**WORK TO COMPLETE**
Within the listing below, please copy exactly the lines between the line holding "在中国,安利的营销模式是合法" and the line holding "Potravina na báze", inclusive.

**WORKING DATA**
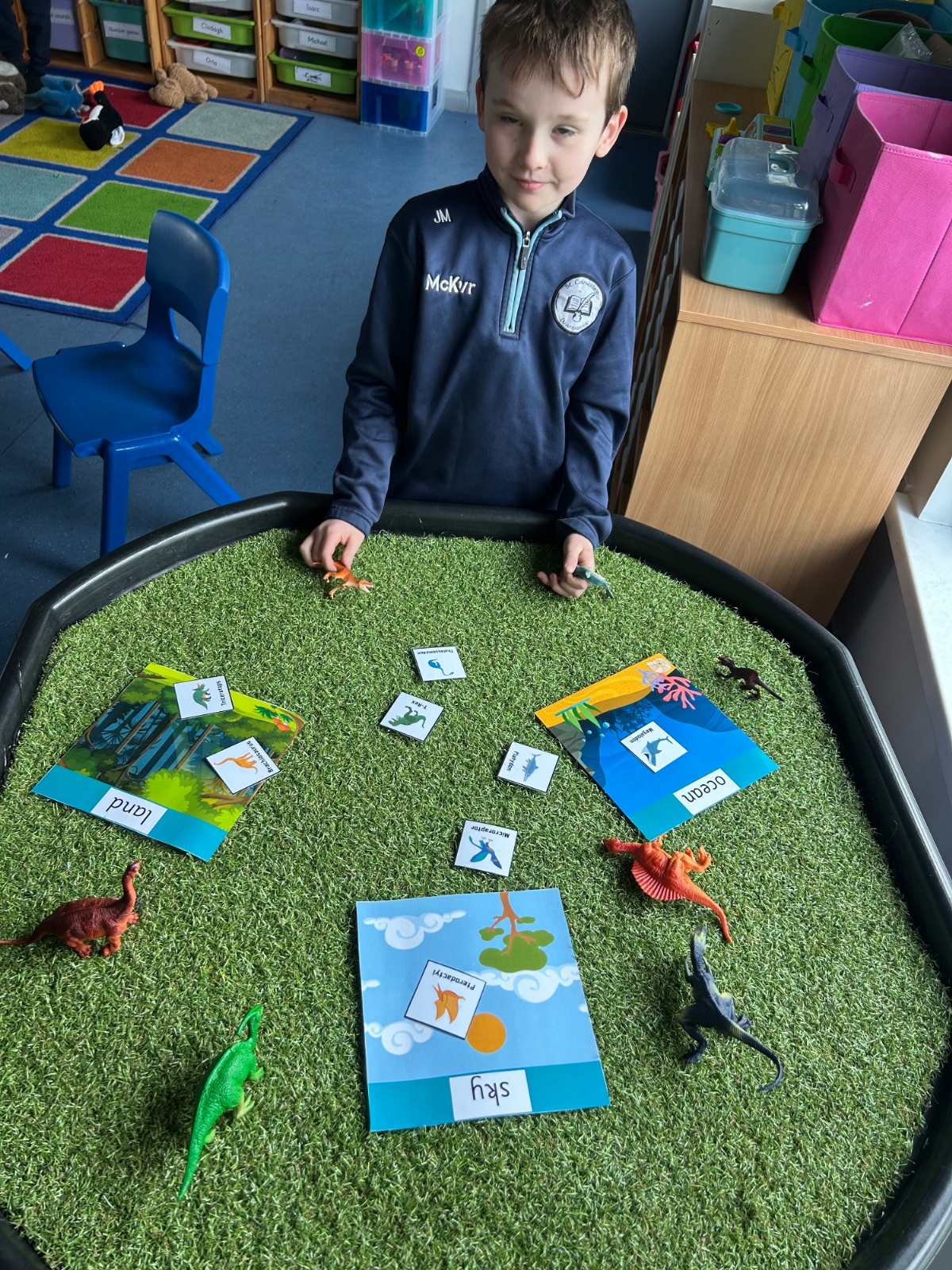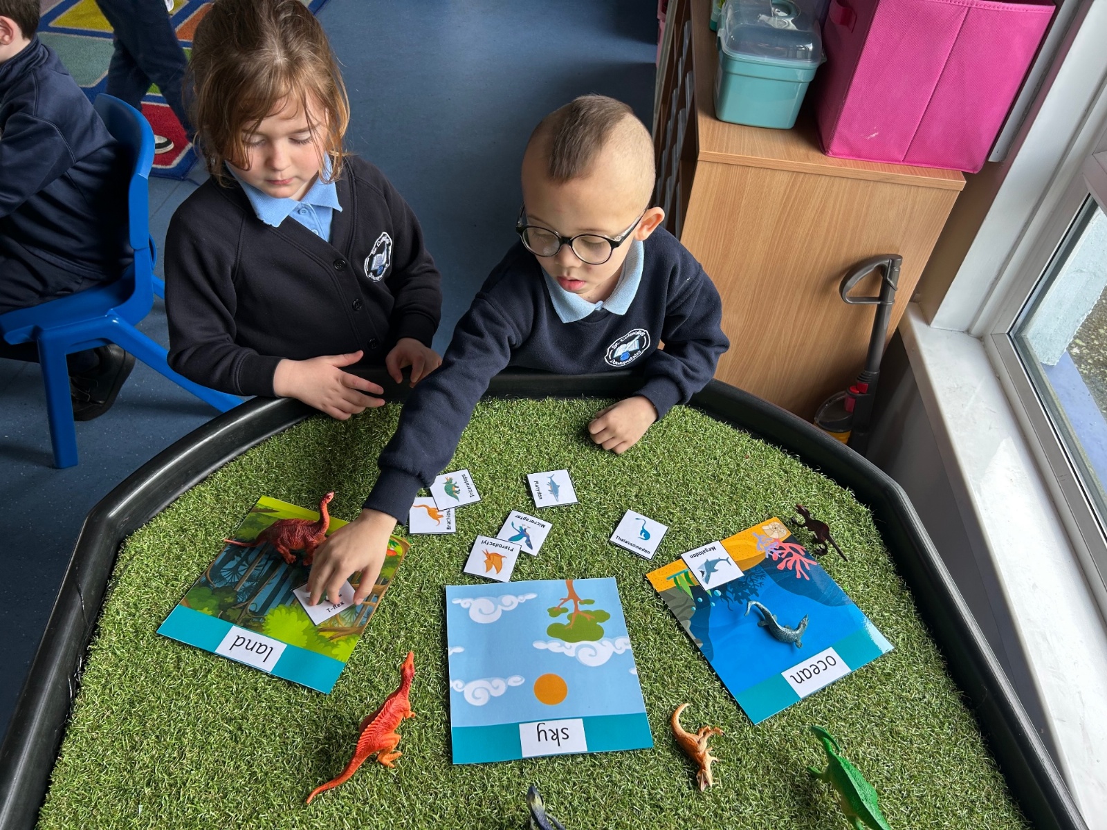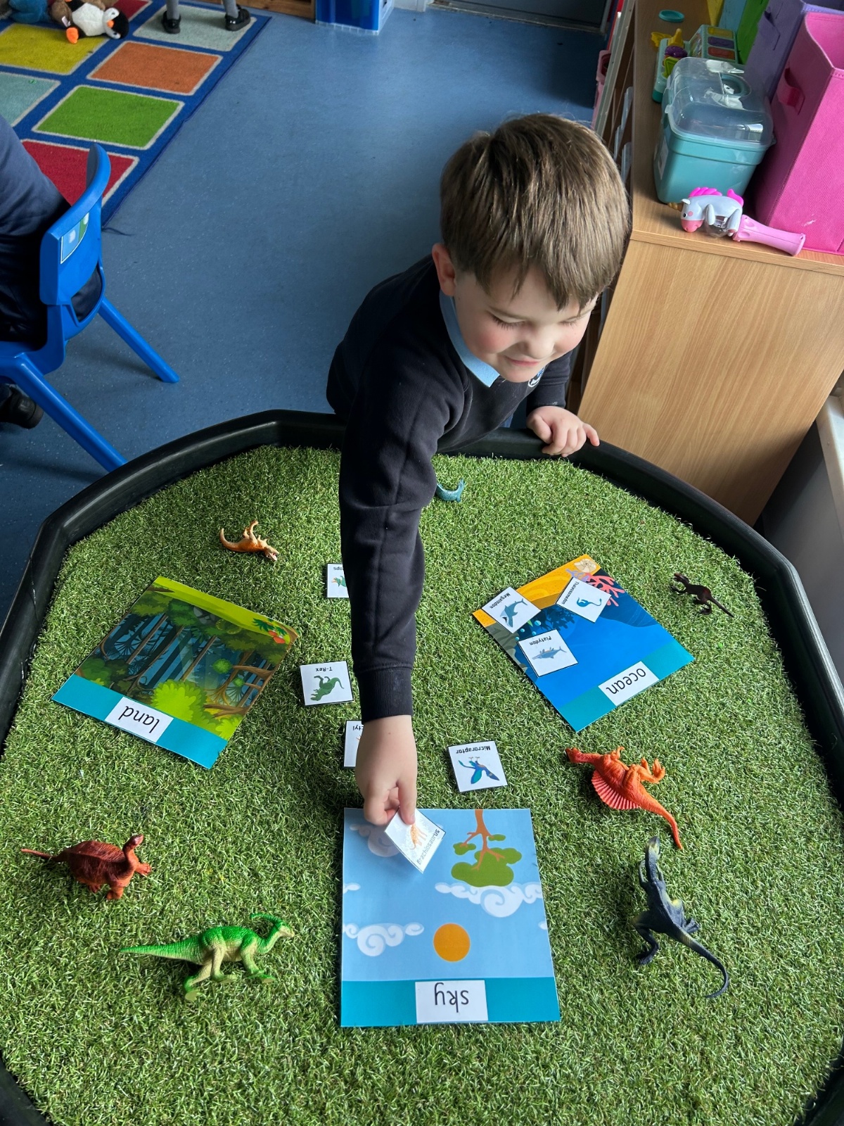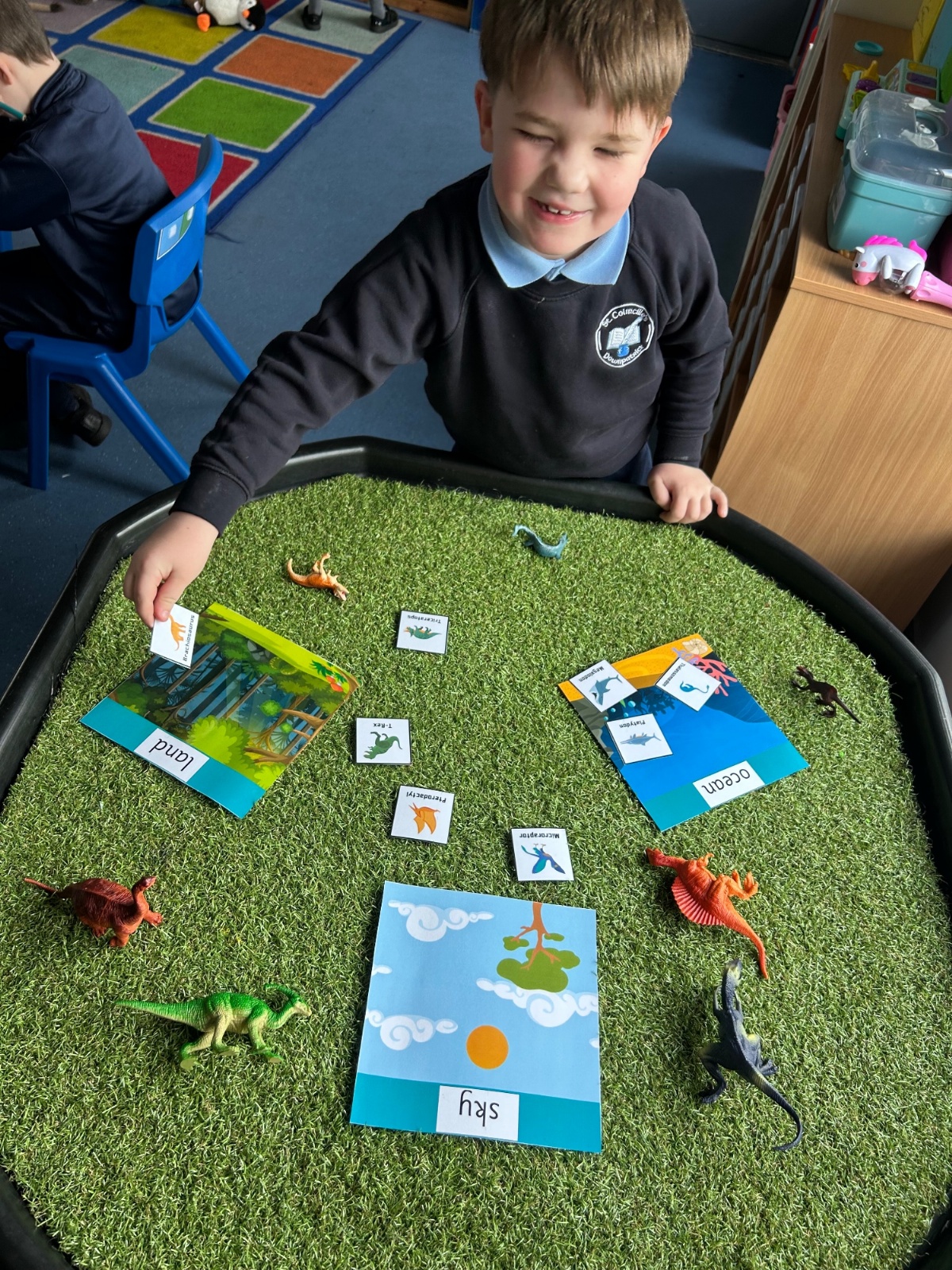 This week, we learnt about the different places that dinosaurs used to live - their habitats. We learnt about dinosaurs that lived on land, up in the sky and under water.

* * *

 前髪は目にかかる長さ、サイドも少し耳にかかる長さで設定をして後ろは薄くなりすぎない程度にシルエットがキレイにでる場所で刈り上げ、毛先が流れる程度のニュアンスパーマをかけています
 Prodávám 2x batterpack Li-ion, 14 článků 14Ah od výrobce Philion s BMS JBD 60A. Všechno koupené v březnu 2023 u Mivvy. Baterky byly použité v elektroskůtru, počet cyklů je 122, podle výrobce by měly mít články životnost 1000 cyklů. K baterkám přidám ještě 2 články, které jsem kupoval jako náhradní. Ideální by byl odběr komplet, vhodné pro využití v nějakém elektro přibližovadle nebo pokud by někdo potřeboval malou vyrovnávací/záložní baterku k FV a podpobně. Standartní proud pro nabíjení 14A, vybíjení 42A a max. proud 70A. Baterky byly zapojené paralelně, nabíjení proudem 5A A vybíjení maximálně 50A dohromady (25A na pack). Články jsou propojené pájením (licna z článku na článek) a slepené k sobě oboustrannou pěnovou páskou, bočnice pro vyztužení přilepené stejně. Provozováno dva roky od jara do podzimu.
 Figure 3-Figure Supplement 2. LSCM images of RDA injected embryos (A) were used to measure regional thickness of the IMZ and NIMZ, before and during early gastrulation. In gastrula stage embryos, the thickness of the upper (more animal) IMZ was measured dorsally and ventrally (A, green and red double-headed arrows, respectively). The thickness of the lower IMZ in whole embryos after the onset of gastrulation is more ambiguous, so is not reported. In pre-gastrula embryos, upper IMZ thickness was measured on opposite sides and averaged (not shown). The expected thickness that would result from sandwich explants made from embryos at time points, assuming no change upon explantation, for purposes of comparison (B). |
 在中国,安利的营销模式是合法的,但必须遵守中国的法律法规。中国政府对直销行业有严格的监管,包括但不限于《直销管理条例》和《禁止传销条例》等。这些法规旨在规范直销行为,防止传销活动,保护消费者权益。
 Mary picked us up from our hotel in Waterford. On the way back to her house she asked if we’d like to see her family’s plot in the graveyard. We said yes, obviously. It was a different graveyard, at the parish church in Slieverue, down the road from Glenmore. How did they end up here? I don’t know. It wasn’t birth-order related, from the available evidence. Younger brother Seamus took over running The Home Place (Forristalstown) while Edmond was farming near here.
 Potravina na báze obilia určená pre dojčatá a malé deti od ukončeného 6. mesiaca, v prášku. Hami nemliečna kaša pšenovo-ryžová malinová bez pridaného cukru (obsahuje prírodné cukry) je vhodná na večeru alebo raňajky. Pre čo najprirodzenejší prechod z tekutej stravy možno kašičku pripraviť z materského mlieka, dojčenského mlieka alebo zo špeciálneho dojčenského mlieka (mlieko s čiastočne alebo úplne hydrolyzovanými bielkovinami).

**RESULT OF THE TASK**
 在中国,安利的营销模式是合法的,但必须遵守中国的法律法规。中国政府对直销行业有严格的监管,包括但不限于《直销管理条例》和《禁止传销条例》等。这些法规旨在规范直销行为,防止传销活动,保护消费者权益。
 Mary picked us up from our hotel in Waterford. On the way back to her house she asked if we’d like to see her family’s plot in the graveyard. We said yes, obviously. It was a different graveyard, at the parish church in Slieverue, down the road from Glenmore. How did they end up here? I don’t know. It wasn’t birth-order related, from the available evidence. Younger brother Seamus took over running The Home Place (Forristalstown) while Edmond was farming near here.
 Potravina na báze obilia určená pre dojčatá a malé deti od ukončeného 6. mesiaca, v prášku. Hami nemliečna kaša pšenovo-ryžová malinová bez pridaného cukru (obsahuje prírodné cukry) je vhodná na večeru alebo raňajky. Pre čo najprirodzenejší prechod z tekutej stravy možno kašičku pripraviť z materského mlieka, dojčenského mlieka alebo zo špeciálneho dojčenského mlieka (mlieko s čiastočne alebo úplne hydrolyzovanými bielkovinami).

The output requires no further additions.